Figure 11 shows the actual waveforms generated in this mode of operation.

When Reset is not used, it should be tied high to avoid any possibly or false triggering.

ASTABLE OPERATION

When the circuit is connected as shown in figure 13 (pin 2 and 6 connected) it triggers itself and free runs as a multi vibrator. The external capacitor charges through R1 and R2 and discharges through R2 only. Thus the duty cycle may be precisely set by the ratio of these two resistors. In the astable mode of operation, C1 charges and discharges between 1/3 VCC and 2/3 VCC. As in the triggered mode, the charge and discharge times and therefore frequency are independent of the supply voltage.

Figure 14 shows actual waveforms generated in this mode of operation.
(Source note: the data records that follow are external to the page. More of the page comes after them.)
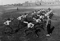 Jurgis Jungmeisteris was born on 30 October 1884 in the Pasuosis manor. Jungmeisters attended the Main Gymnastics and Fencing School of St. Petersburg. During the First World War, Jungmeisteris earned the rank of rotmistr within the Russian Imperial Army. Jungmeisteris began his service in the Lithuanian Army by joining the 2nd Uhlan Regiment. In 1923, due to speaking the Lithuanian language poorly, Jungmeisteris was moved to the reserve. After improving his ability to speak the language, in 1924 Jungmeisteris began working as a fencing, rowing, and swimming instructor at the physical education center of the Higher Officers' Courses.[1] That same year, in autumn, fencing as a sport was introduced into the physical training program of the Lithuanian military.[2] The standard training programme was four months long. Later, fencing was included in the programme of the War School of Kaunas.[3] Jungmeisteris also lectured at the State Theater School of Acting.[4]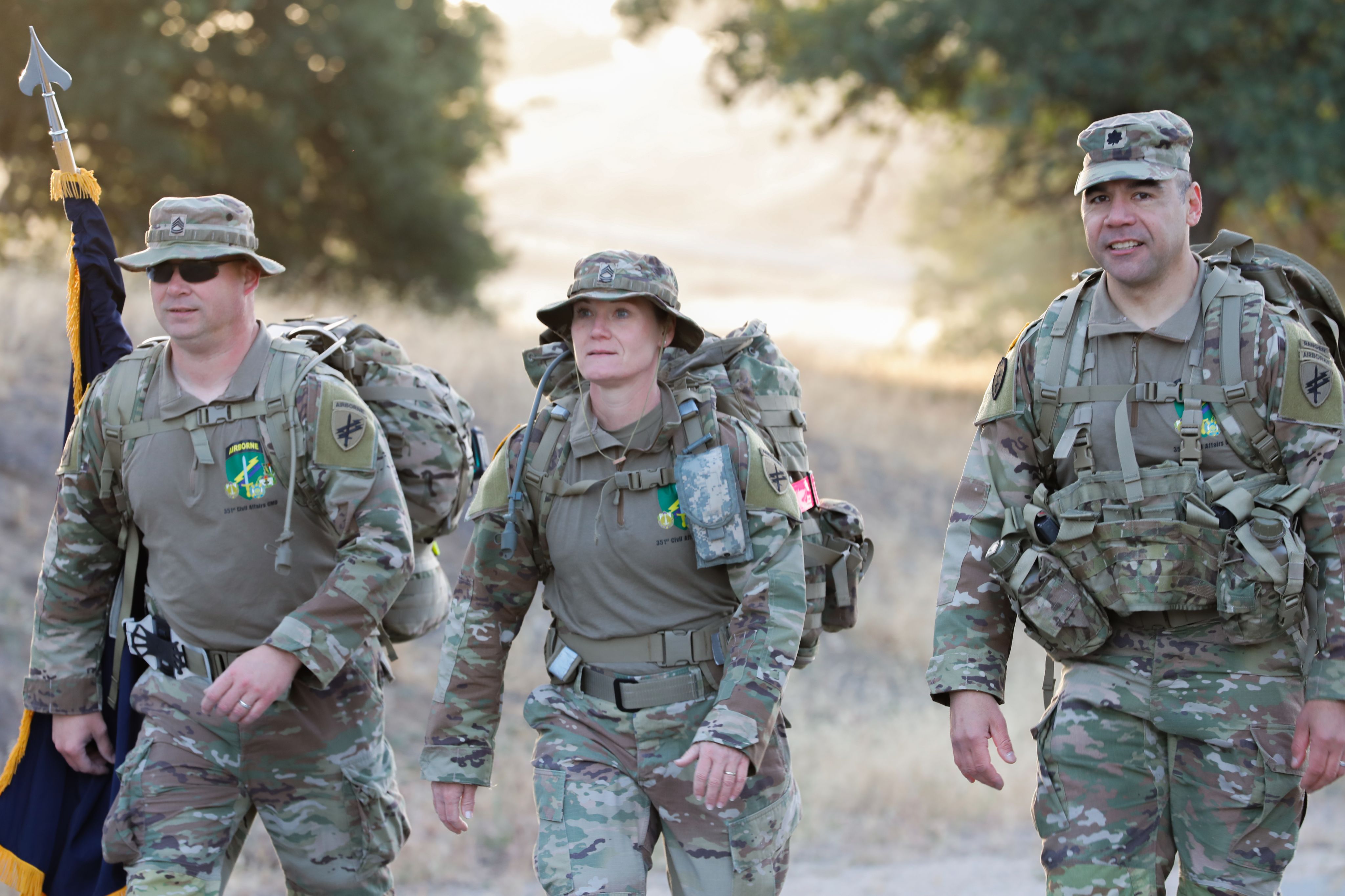 U.S. Army Sgt. 1st Class Lanny Stottmeister, Master Sgt. Kimberlee Hilliard, and Lt. Col. Hermann Blancaflor, 351st Civil Affairs Command, participates in the 250 mile ruck march, commemorating the 250th U.S. Army birthday at Camp Roberts, Calif., May 7, 2025. The ruck march covers 250 miles across central California, with participants completing different sections of the route that stretches from Camp Roberts to Camp Parks in Dublin, Calif., all while carrying the U.S. flag, U.S. Army colors, and a binder containing over 500,000 names of fallen service members. (U.S. Army National Guard photo by Spc. William Franco Espinosa)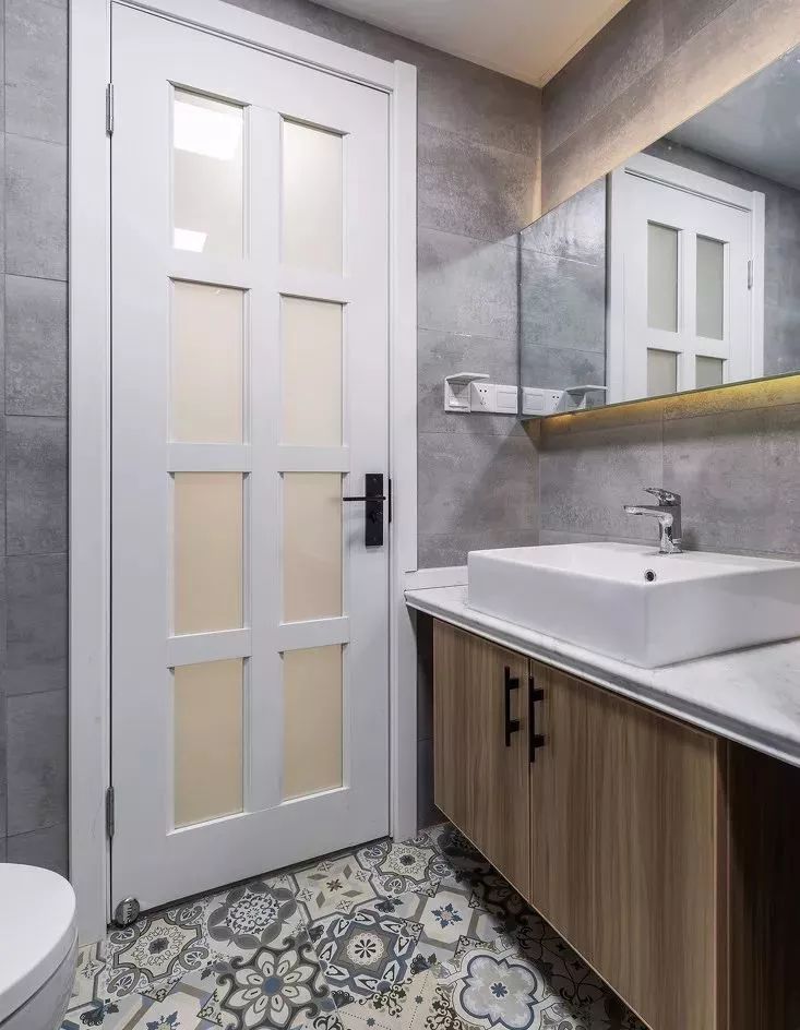卫生间干湿分离,干区地面铺设小花砖迎合北欧风格的小元素。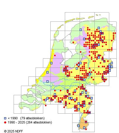 Het aantal atlasblokken (5x5 km) waarin de soort is gemeld binnen een periode van vijf jaar (vanaf 1980) of twintig jaar. Niet gecorrigeerd voor waarnemersinspanning en het aantal doorgegeven waarnemingen kan sterk variëren per periode, dus een trend in verspreiding kan hier niet direct uit worden afgelezen. Het opgegeven jaartal is het eerste jaar van de periode. Bron: gevalideerde waarnemingen uit de NDFF.

The charge time (output HIGH) is given by: $$t1 = 0.693 (R_1 + R_2) C_1$$ and the discharge time (output LOW) by: $$t2 = 0.693 (R_2) C_1$$ Thus the total period T is given by: $$T = t1 + t2 = 0.693 (R_1 + 2R_2) C_1$$ The frequency of oscillation is then: $$f = \frac{1}{T}= \frac{1.44}{(R_1+2R_2)C_1}$$ may be easily found by figure 15.
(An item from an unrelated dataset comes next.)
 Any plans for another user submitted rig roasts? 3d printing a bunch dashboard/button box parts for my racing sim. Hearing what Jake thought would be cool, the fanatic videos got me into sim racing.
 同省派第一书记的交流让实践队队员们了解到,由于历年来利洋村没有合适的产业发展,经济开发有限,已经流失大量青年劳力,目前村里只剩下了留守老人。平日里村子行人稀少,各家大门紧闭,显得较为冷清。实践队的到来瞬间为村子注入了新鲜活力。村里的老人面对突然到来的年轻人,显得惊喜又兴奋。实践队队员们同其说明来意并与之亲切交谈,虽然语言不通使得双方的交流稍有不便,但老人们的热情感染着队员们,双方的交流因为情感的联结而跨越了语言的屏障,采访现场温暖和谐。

The duty cycle is given by: $$D = \frac{R_2}{R_1+ 2R_2}$$

PULSE WIDTH MODULATOR

When the timer is connected in the monostable mode and triggered with a continuous pulse train, the output pulse width can be modulated by a signal applied to pin 5. Figure 16 shows the circuit.

LINEAR RAMP

When the pull-up resistor, RA, in the monostable circuit is replaced by a constant current source, a linear ramp is generated. Figure 17 shows a circuit configuration that will perform this function.

Figure 18 shows waveforms generator by the linear ramp. The time interval is given by: $$ T = \frac{\cfrac{2}{3} V_{CC} \times R_E (R1+R2) C}{R_1 V_{CC} - V_{BE} (R_1+R_2)} $$ $$ V_{BE} = 0.6V$$

50% DUTY CYCLE OSCILLATOR

For a 50% duty cycle the resistors $R_A and R_E$ may be connected as in figure 19. The time period for the output high is the same as previous, $$t1 = 0.693 R_A C$$ For the output low it is t2 $$t2 =\frac{R_A \times R_B}{R_A + R_B} C \times Ln \left( \frac{R_B – 2R_A}{2R_B - R_A} \right) $$ Thus the frequency of oscillation is: $$f = \frac{1}{t1 + t2}$$

Note that this circuit will not oscillate if RB is greater than 1/2 RA because the junction of RA and RB cannot bring pin 2 down to 1/3 VCC and trigger the lower comparator.